An infection will remain intact if the chain of infection is present and it is everyone’s responsibility, including the patient, to break that chain at all times possible. It is impeccable for healthcare workers, such as nurses, to provide education to patients and family members defining the importance of hand washing. The CDC states, “handwashing can prevent about 30% of diarrhea-related sicknesses, about 20% of respiratory infections, and absenteeism due to gastrointestinal illness in schoolchildren by 29-57%”. When educating others, it is imperative not to assume that they know effectively and correctly wash their hands. Key factors in educating others of proper hand washing with soap and water involves lathering your hands with the appropriate amount of soap and vigorously rubbing them together applying friction to remove microorganisms for 15-30 seconds, followed by rinsing them with warm water. The CDC recommends singing the “Happy Birthday” song twice from beginning to end as a timing mechanism. It is also important to know that applying an antiseptic sanitizer is a form of effective hand washing. An effectively antiseptic hand rub is one that is alcohol-based. When educating others of the proper use of alcohol-based hand rubs, emphasize that the hands need to be continuously rubbed together until they are completely dry. Emphasizing the techniques of proper hand washing and enforcing the “Nursing Scope and Standards of Practice” promotes and maintains health by always providing safe and quality care in all healthcare organizations.

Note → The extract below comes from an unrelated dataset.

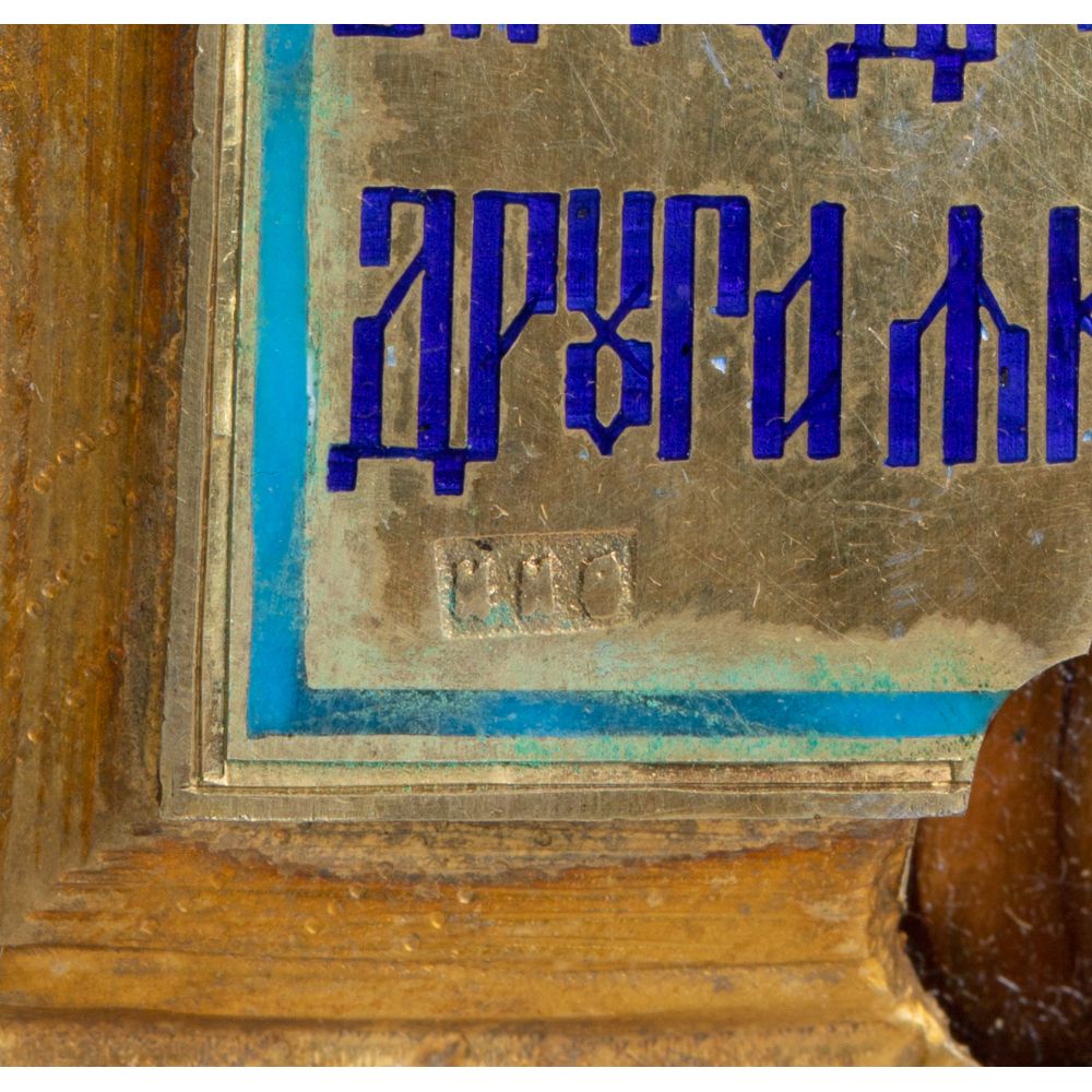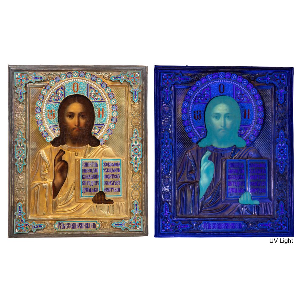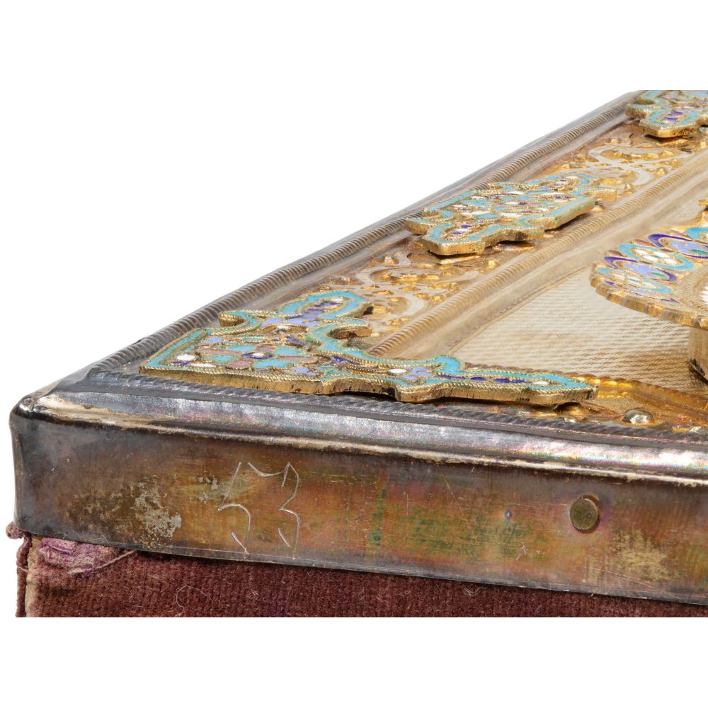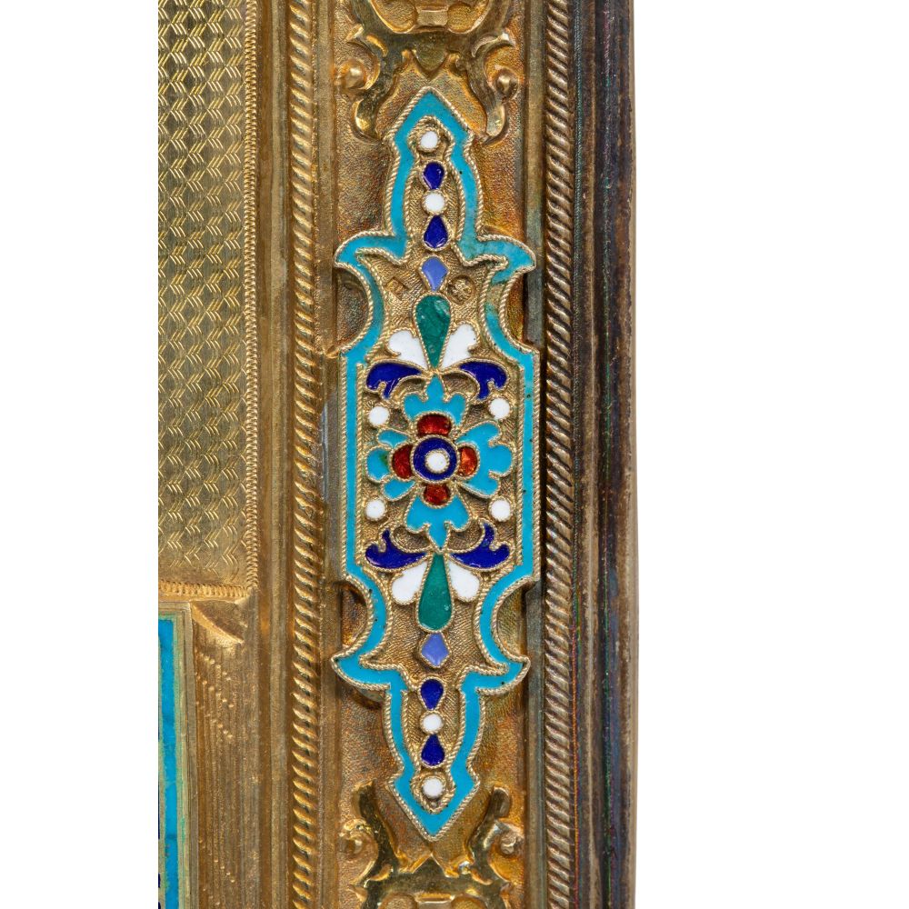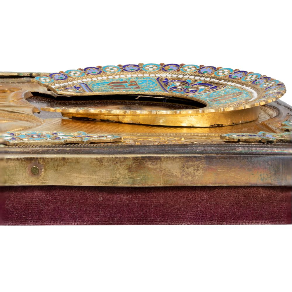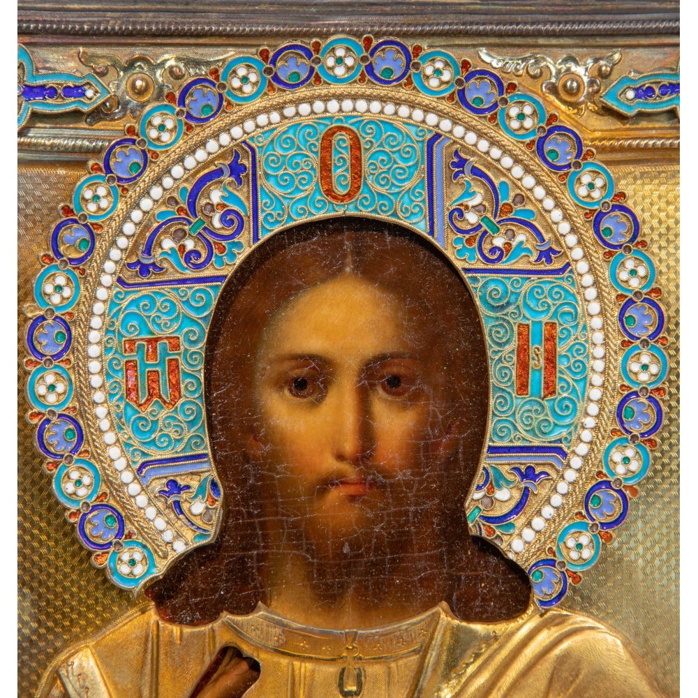 A hand painted icon of Christ the Pantocrator having cloisonne and champleve enamel and gilt silver, Lev Fridrikhovitch Oleks assay mark and unidentified maker in a fitted wood presentation box

In conclusion, it is critical to enforce fundamental health care protocols, such as hand hygiene. Nursing professionals come into contact with many patients on a daily basis as nursing is one of the largest divisions of healthcare staff. This means there are more opportunities for implementing and educating the practice of proper hand hygiene and soliciting patients to help decrease the spread of infections. It only takes one person to aid in decreasing the risk for a HAI. Hand washing regularly can advance healthcare across an organization.